In her position, she worked for a more sustainable transport system, favouring projects like a reintroduction of trams to the Auckland waterfront, improved efficiency in public transport such as bus services and the construction of a walk and cycleway over the Auckland Harbour Bridge.

She has also in the past spoken out against the creation of an independent traffic entity apart from the future Auckland "Supercity" Council, believing a unit integrated into the normal Council structure would be preferable. She believed that the "corporate" model proposed does not fit the needs of Auckland - and that from her own experience of the problematic relationship between the Auckland Regional Council collecting the rates, and the Auckland Regional Transport Authority having responsibility for operational matters, she similar issues would occur in the case of an Auckland-wide body. She has however, expressed support for the "Supercity" concept in general, and declared that she would contest the Rodney seat in the Auckland Council. Rose lost this election to former Rodney mayor Penny Webster. Rose stood in the Rodney electorate for Labour at the 2011 General election. She stood as a candidate in the 2013 elections, for the post of one of Auckland Council's Waitākere Ward Council seats but failed to be elected despite an endorsement from retiring councillor Sandra Coney. 

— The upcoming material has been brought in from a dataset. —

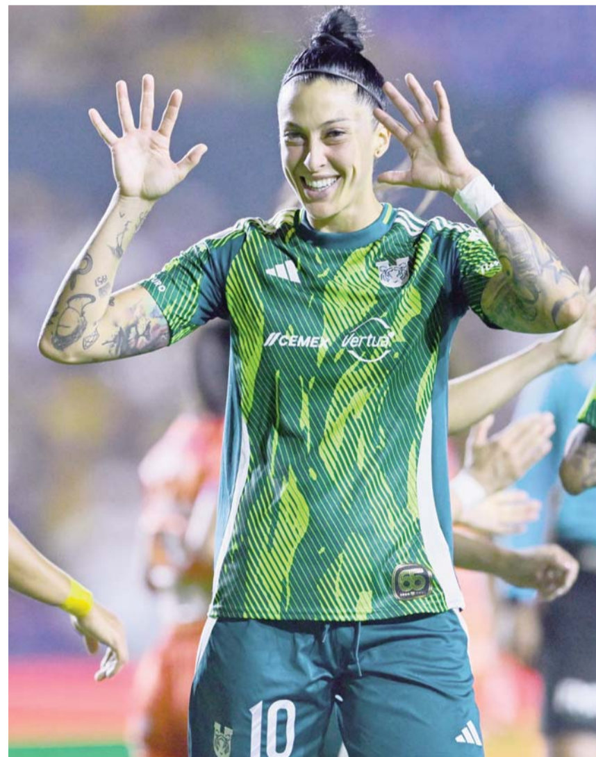
Las felinas dieron muestra de su poderío.

Rose is a writer, artist, animal rights advocate and social entrepreneur (especially arts, and the environment), an environmentalist and environmental commentator. She is a marine conservationist. She has led regional and national campaigns to protect the critically endangered Maui's and Hector's dolphins from human induced threats, particularly set-nets, and pollution. Rose also campaigns to protect whales and their habitat.  She often uses quirky public arts and activities to highlight environmental, social and transport issues. In 2020 she organised, through her Cetacean Spotting NZ Facebook group, the country's first nationwide Citizen Science Cetacean Census.

She continues to campaign for community and public arts, Trains to Huapai, walking and cycling across the Auckland harbour bridge, marine conservation and animal rights. 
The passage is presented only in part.